When a user logs in for the first time to the head node, PAM creates a homedir for them.

I need, when this happens, to simultaneously create a homedir on all the other machines as well.

I'm thinking of possible solutions:

  • Have a script that does this, triggered when a user first logs into the headnode. I'm not sure on the most elegant way to do this, bar a .sh script with 20+ ssh commands
  • Have a cron job do the same as above, frequently
  • Configure some sort of PAM voodoo to do it
  • Have a cron job to create a homedir for every user in the LDAP directory (Don't want to do this, only want user that have log'd into the head node)
  • Something else (suggestions welcome)

At the moment the users have to ssh into all the nodes to create their homedir.
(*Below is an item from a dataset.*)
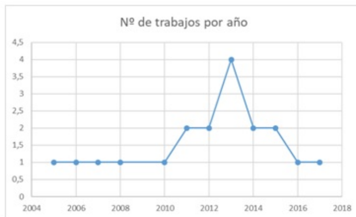
FIGURA 3 Gráfico de dispersión de la cantidad de trabajos recuperados en la revisión en relación con su año de publicación Elaboración propia.

A rough analogy to what we are running and how I set this up can be found in theses dockerfiles: https://github.com/dooglz/slurm_docker/blob/master/slurm/ldap_host.dockerfile https://github.com/dooglz/slurm_docker/blob/master/slurm/slurm_node.dockerfile

The cluster is actually run 100% in docker, but on 20+ bare metal Ubuntu 18 servers. This is so I can change configurations easily.

Why: We are running SLURM job scheduler, it runs batch jobs on the cluster, as the users UID, if the homedir doesn exist already [i.e job is running on a node that a user hasn't ssh'd into yet], we get errors. Users can change the default job directory, but I wan't to not have to do this

Suggestions and comments welcome. Thanks

PS

Mounting /home with NFS, is a possibility, but due to the nature of the usecase, we need /home to write and read from the fast local disks.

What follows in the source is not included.